• Task to carry out
Among the lines of the listing below, retype exactly those from the one containing "전시는 엘렌 샤트베라슈빌리의" through the one containing "金秋九月,是收獲的季節(ji", both included. Do not include pictures.

• Data

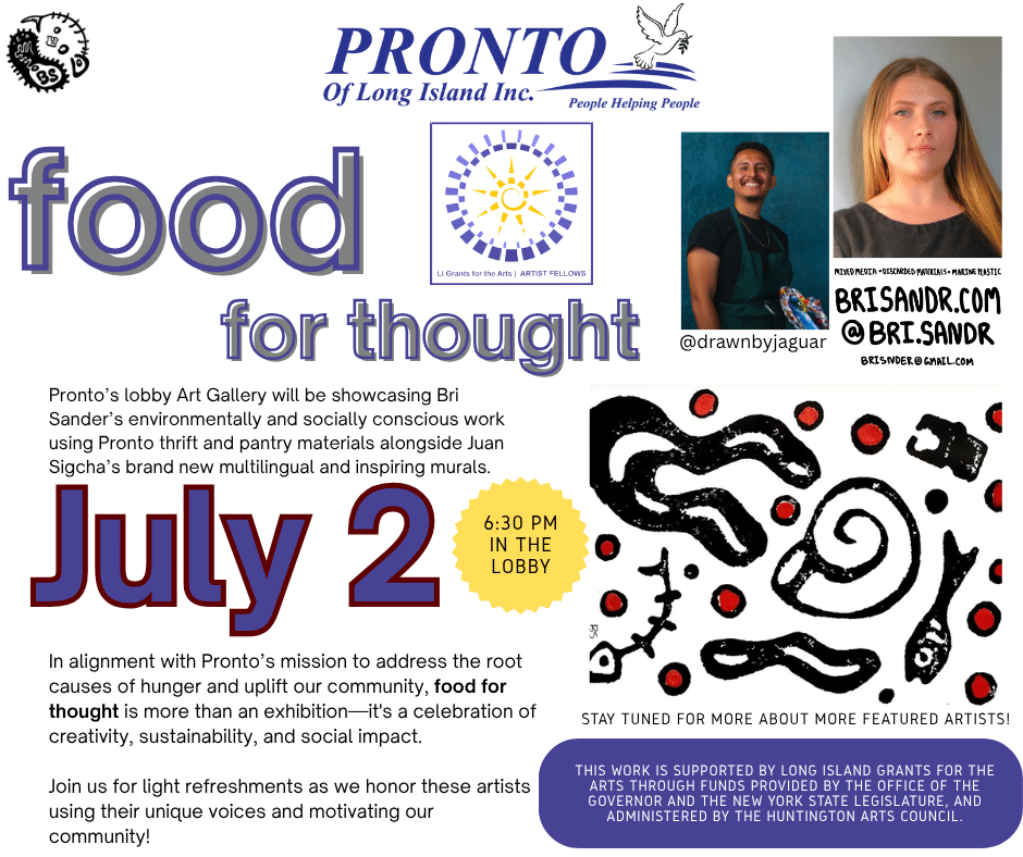 In alignment with Pronto’s mission to address the root causes of hunger and uplift our community, Food for Though is more than an exhibition – it’s a celebration of creativity, sustainability, and social impact. This work is supported by Long Island Grants for the Arts through funds provided by the Office of the Governor and The New York State Legislature and administered by The Huntington Arts Council.
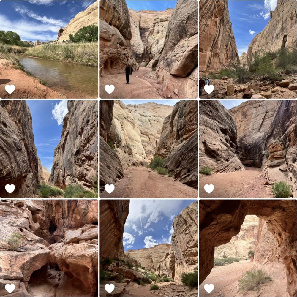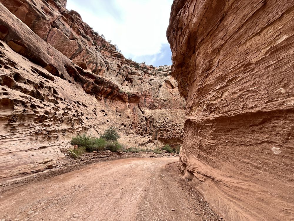 Capitol Reef National Park景观,巨大红岩断层,火星地貌。我们一直开到尽头Narrow, Hiking Narrow trail.
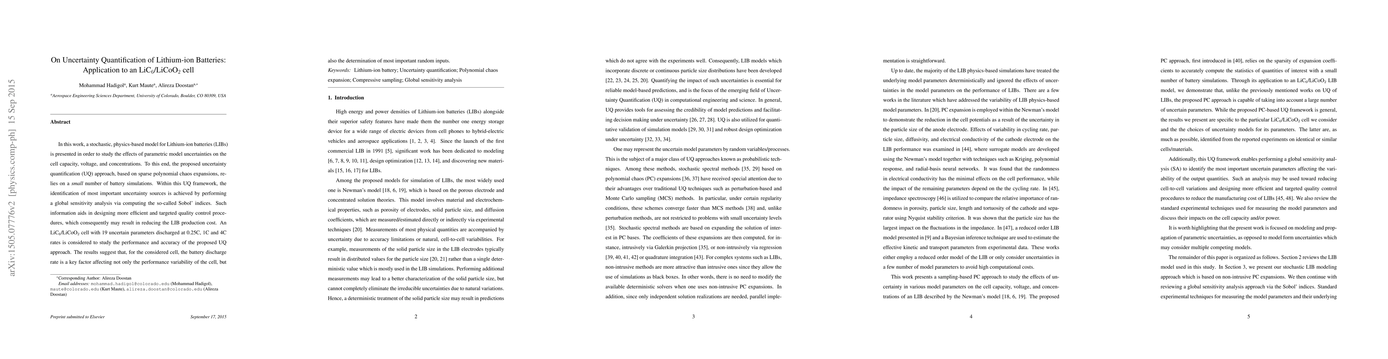 In this work, a stochastic, physics-based model for Lithium-ion batteries (LIBs) is presented in order to study the effects of parametric model uncertainties on the cell capacity, voltage, and concentrations. To this end, the proposed uncertainty quantification (UQ) approach, based on sparse polynomial chaos expansions, relies on a small number of battery simulations. Within this UQ framework, the identification of most important uncertainty sources is achieved by performing a global sensitivity analysis via computing the so-called Sobol' indices. Such information aids in designing more efficient and targeted quality control procedures, which consequently may result in reducing the LIB production cost. An LiC$_6$/LiCoO$_2$ cell with 19 uncertain parameters discharged at 0.25C, 1C and 4C rates is considered to study the performance and accuracy of the proposed UQ approach. The results suggest that, for the considered cell, the battery discharge rate is a key factor affecting not only the performance variability of the cell, but also the determination of most important random inputs.
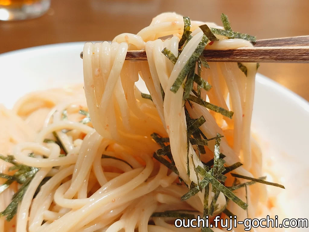 茹でたパスタに和えればもったりと重さが出る。明太子のピリッとした辛さがほんのりとあるが、味わいとしてはマヨ勝ち。おっさんになった今食べると正直刺激が足りない。追い明太子や、ブラックペッパーを振って食べたい。ハリ・コシのある麺よりも柔らかい麺が合う。うどんでも良いかも知れない。
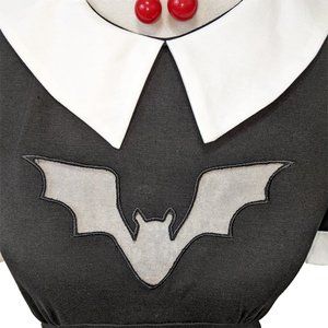 This soft stretch jersey top has a gathered bust and features a fabulous bat cutout across the chest & on the sleeves. The peter pan collar & cuffs are bright white, and the back has a keyhole opening buttoned at the collar with a single black button.
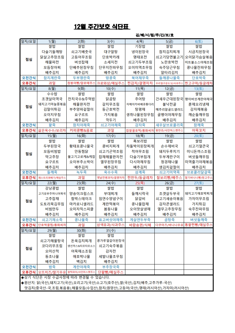 김해시립주간보호센터 12월 식단표 작성자 관리자 댓글 0건 조회 233회 작성일 2025-11-28 본문 김해시립주간보호센터 12월 식단표입니다. 목록 이전글김해시립요양원 12월 2주 식단표 25.12.04 다음글김해시립요양원 12월 1주 식단표 25.11.27
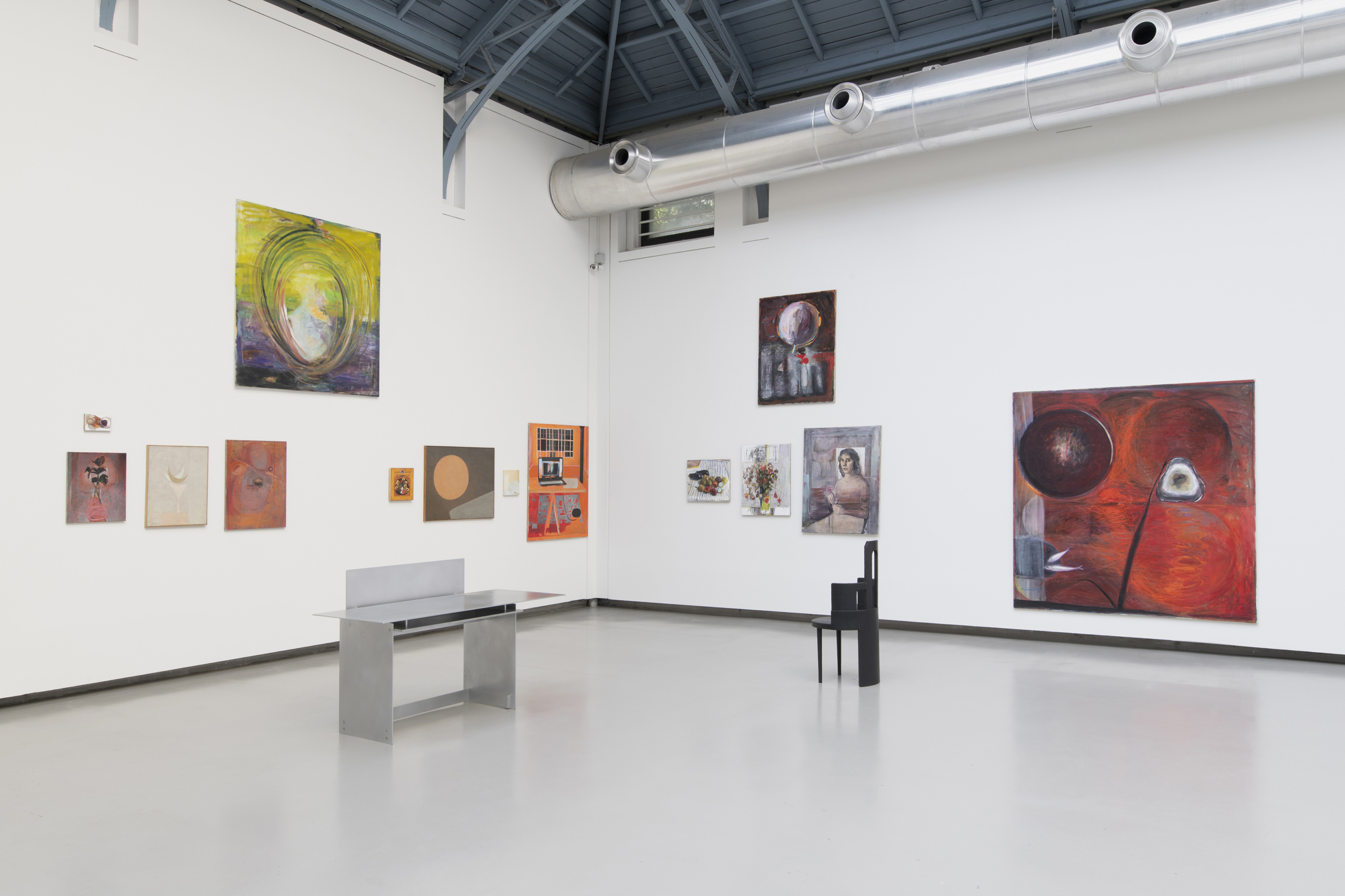 전시는 엘렌 샤트베라슈빌리의 회화 약 20여 점을 중심으로 다섯 명의 회화 작가 – 장 클라라크Jean Claracq, 나타나엘 에르블랭(Nathanaëlle Herbelin), 마틸다 마르크 부아레(Mathilda Marque Bouaret), 미란다 웹스터(Miranda Webster), 그리고 선배 세대의 화가 베라 파가바(Vera Pagava) – 의 작품이 함께 놓였다. 여기에 조지아 기반의 룸 스튜디오Rooms Studio와 요한 빌라드리히(Johan Viladrich)의 가구, 그리고 신학자 필리프 프랑수아(Philippe François)의 텍스트가 더해졌다. 이 구성은 그룹전으로 명명하기 보다, 하나의 테이블에 둘러앉은 장면을 연출한다고 설명하고 싶다. 큐레이터는 이를 환대의 공간이라 말하는데, 작품들이 서로를 압도하지 않으면서 시선을 나누며 공존하기 때문일 것이다. 이 전시는 각각의 작업을 고립시키기보다 동시대적 친연성 속에서 함께 읽히도록 유도한다.
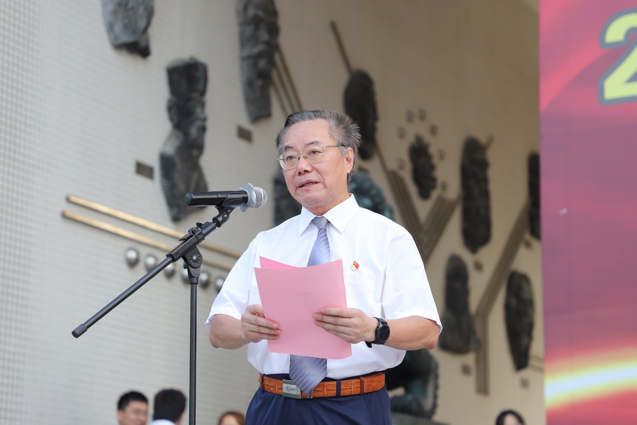 金秋九月,是收獲的季節(jié),也是迎新的季節(jié)!清晨,當(dāng)陽光透過樓宇,灑在綜合樓廣場上,2021級新生匯聚一起,懷著興奮、激動的心情迎接他們大學(xué)生涯的第一個重要時刻——新生開學(xué)典禮暨軍訓(xùn)表彰大會。9月18日上午,廣州華立科技職業(yè)學(xué)院2021級新生開學(xué)典禮暨軍訓(xùn)表彰大會在廣州校區(qū)和云浮校區(qū)同時舉行。學(xué)校執(zhí)行校長馬龍海,黨委書記林偉健,副校長馬俊、高堯來,廣州市增城區(qū)武裝部主任鄧偉健,各職能部門和學(xué)院負(fù)責(zé)人出席廣州校區(qū)的典禮。2021級全體新生參加典禮。典禮由黨委副書記、副校長高堯來主持。
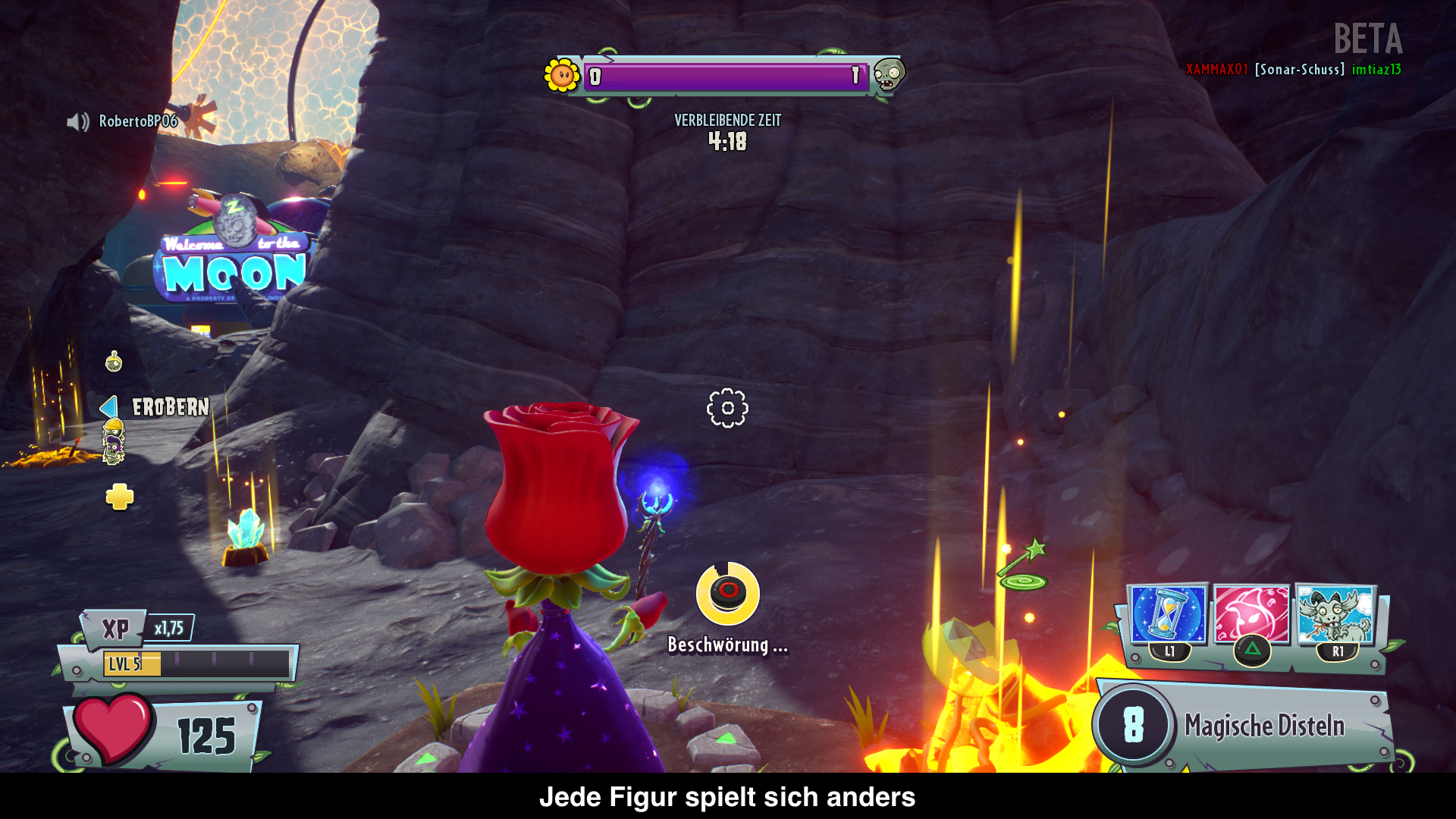 Damit auch die alten Klassen mithalten können, haben die einen ordentlichen Boost erhalten. Es wurden die Uplinkzeiten für die Fähigkeiten verkürzt, wie auch der verursachte Schaden etwas angeglichen. Bei den Zombies gibt es die größten Änderungen. Der Wissenschaftler ist nun der Sonnenblume sehr viel ähnlicher und hat einen Heilstrahl statt der Heilstation. Der Ingenieur hingegen musste seine Drohne Käpt’n Totbart überlassen und bekommt dafür ein Geschütz. Wie gewohnt, gibt es für jede Klasse verschiedene Varianten. Einmal mit Feuerschaden, dann mit Eis oder anderen speziellen Eigenschaften. Somit sollte für jeden Spieler eine Figur dabei sein. Auch kosmetische Änderungen sind zahlreich vertreten. Neu hingegen sind verschiedene Eigenschaften. Jeder Charakter steigt im Level auf und schaltet für drei Slots Eigenschaften frei, wie z.B. schnellere Heilung oder mehr Zoom.
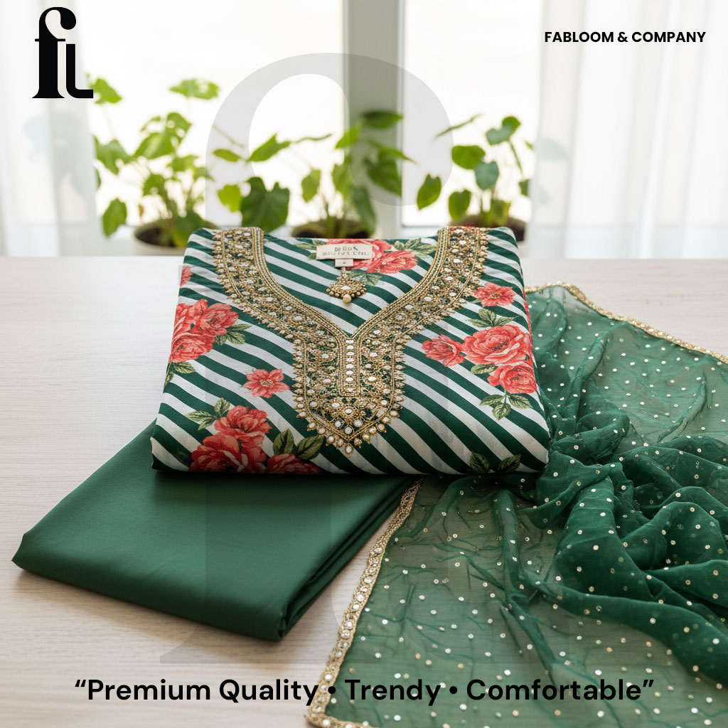 Fabloom & Company emphasizes meticulous craftsmanship and quality, ensuring each piece meets the highest standards. The suit set is easy to care for—simply dry clean to preserve its vibrant colors and fine detailing. Whether you are attending a wedding, a family function, or seeking a stylish outfit for a casual day out, this premium green floral suit set delivers elegance, versatility, and enduring comfort, making it an indispensable addition to your wardrobe.
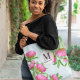 Monogram Pink Flowers Custom Peonies Tote Bag

• Solution to the exercise
 전시는 엘렌 샤트베라슈빌리의 회화 약 20여 점을 중심으로 다섯 명의 회화 작가 – 장 클라라크Jean Claracq, 나타나엘 에르블랭(Nathanaëlle Herbelin), 마틸다 마르크 부아레(Mathilda Marque Bouaret), 미란다 웹스터(Miranda Webster), 그리고 선배 세대의 화가 베라 파가바(Vera Pagava) – 의 작품이 함께 놓였다. 여기에 조지아 기반의 룸 스튜디오Rooms Studio와 요한 빌라드리히(Johan Viladrich)의 가구, 그리고 신학자 필리프 프랑수아(Philippe François)의 텍스트가 더해졌다. 이 구성은 그룹전으로 명명하기 보다, 하나의 테이블에 둘러앉은 장면을 연출한다고 설명하고 싶다. 큐레이터는 이를 환대의 공간이라 말하는데, 작품들이 서로를 압도하지 않으면서 시선을 나누며 공존하기 때문일 것이다. 이 전시는 각각의 작업을 고립시키기보다 동시대적 친연성 속에서 함께 읽히도록 유도한다.
 金秋九月,是收獲的季節(jié),也是迎新的季節(jié)!清晨,當(dāng)陽光透過樓宇,灑在綜合樓廣場上,2021級新生匯聚一起,懷著興奮、激動的心情迎接他們大學(xué)生涯的第一個重要時刻——新生開學(xué)典禮暨軍訓(xùn)表彰大會。9月18日上午,廣州華立科技職業(yè)學(xué)院2021級新生開學(xué)典禮暨軍訓(xùn)表彰大會在廣州校區(qū)和云浮校區(qū)同時舉行。學(xué)校執(zhí)行校長馬龍海,黨委書記林偉健,副校長馬俊、高堯來,廣州市增城區(qū)武裝部主任鄧偉健,各職能部門和學(xué)院負(fù)責(zé)人出席廣州校區(qū)的典禮。2021級全體新生參加典禮。典禮由黨委副書記、副校長高堯來主持。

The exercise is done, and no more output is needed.